--- To do ---
What follows is a listing to transcribe exactly, leaving the pictures out.

--- Input data ---
--- START ---
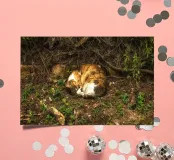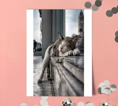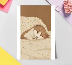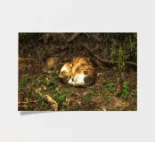 Add a touch of warmth and serenity to your space with this charming poster of a peaceful cat napping in a lush garden. Capturing the gentle rays of sunlight filtering through the greenery, this scene evokes a sense of calm and contentment. Perfect for cat lovers, nature enthusiasts, and anyone seeking to bring a cozy, relaxed vibe into their home. Let this endearing image of a sleeping feline remind you of the simple joys of life, where every day holds a quiet moment of rest and beauty.
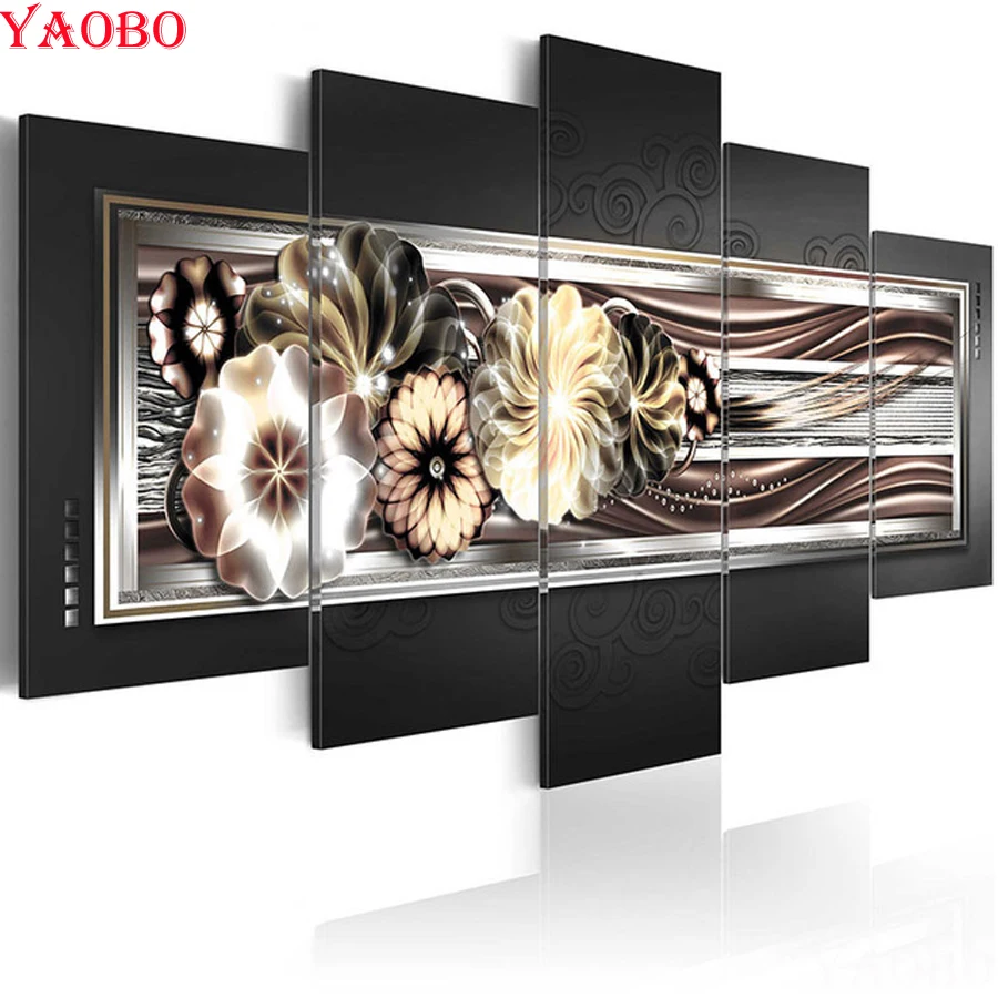 5D DIY алмазная живопись абстрактный цветок Алмазная Вышивка Бисер 5 шт. вышивка крестиком Мозаика узор горный хрусталь домашний декор
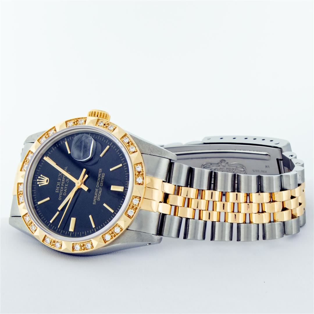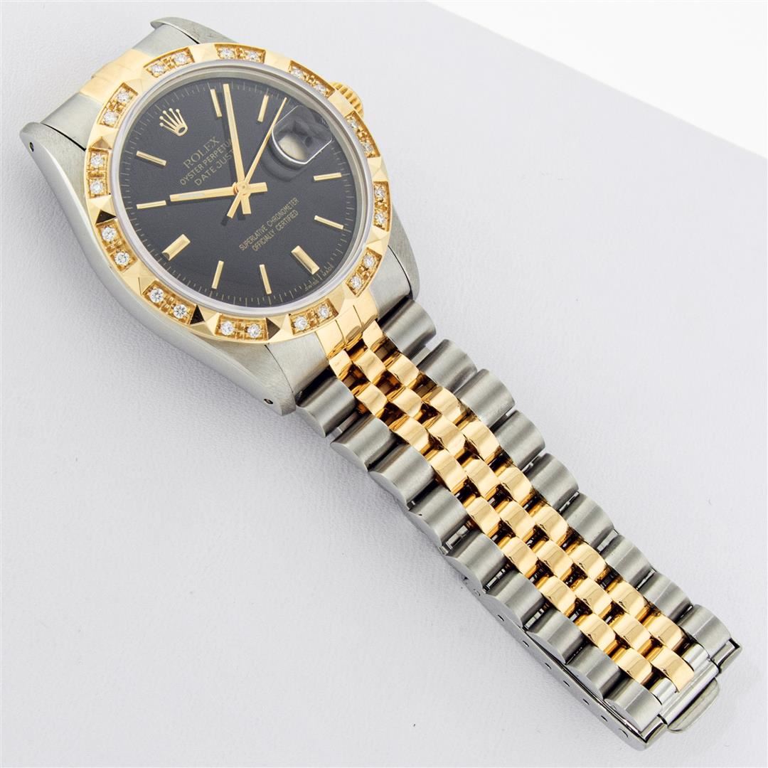 One Mens 14K Yellow Gold Rolex Datejust Polished Bright with Satin Finish, Serviced & Electronically Tested, Stainless Steel Case: 36mm, Yellow Gold Crown, Custom Bezel: New 18K Yellow Gold Pyramid Diamond Bezel, Diamond Count: 24 Diamonds, Total Weight .75 Carat, Clarity: SI-VS, Color: G to H. Custom Crystal: New Scratch Resistant Synthetic Sapphire Cyclops Lens. Custom Hands: New Luminecent Hands. Movement: Automatic Winding Movement Caliber 3035. Custom Dial: Black Index Dial With Dash Track & Lumi Dots. Date Window: 3 O'Clock Position Date Display, Quickset, Model: 16013 Datejust. Condition: G-6 Extra Fine. Bracelet: 14K Yellow Gold And Stainless Steel Jubilee Band. Bright Polish & Satin Finish. 7.0 Inch Length, Adjustable. Standard Clasp, With Rolex Logo. This Watch Has Been Serviced And Polished It Is Free Of All Scratches And Dents. This Watch Comes With A Rolex Box And Appraisal.
--- END ---
--- Result of the exercise ---
 Add a touch of warmth and serenity to your space with this charming poster of a peaceful cat napping in a lush garden. Capturing the gentle rays of sunlight filtering through the greenery, this scene evokes a sense of calm and contentment. Perfect for cat lovers, nature enthusiasts, and anyone seeking to bring a cozy, relaxed vibe into their home. Let this endearing image of a sleeping feline remind you of the simple joys of life, where every day holds a quiet moment of rest and beauty.
 5D DIY алмазная живопись абстрактный цветок Алмазная Вышивка Бисер 5 шт. вышивка крестиком Мозаика узор горный хрусталь домашний декор
 One Mens 14K Yellow Gold Rolex Datejust Polished Bright with Satin Finish, Serviced & Electronically Tested, Stainless Steel Case: 36mm, Yellow Gold Crown, Custom Bezel: New 18K Yellow Gold Pyramid Diamond Bezel, Diamond Count: 24 Diamonds, Total Weight .75 Carat, Clarity: SI-VS, Color: G to H. Custom Crystal: New Scratch Resistant Synthetic Sapphire Cyclops Lens. Custom Hands: New Luminecent Hands. Movement: Automatic Winding Movement Caliber 3035. Custom Dial: Black Index Dial With Dash Track & Lumi Dots. Date Window: 3 O'Clock Position Date Display, Quickset, Model: 16013 Datejust. Condition: G-6 Extra Fine. Bracelet: 14K Yellow Gold And Stainless Steel Jubilee Band. Bright Polish & Satin Finish. 7.0 Inch Length, Adjustable. Standard Clasp, With Rolex Logo. This Watch Has Been Serviced And Polished It Is Free Of All Scratches And Dents. This Watch Comes With A Rolex Box And Appraisal.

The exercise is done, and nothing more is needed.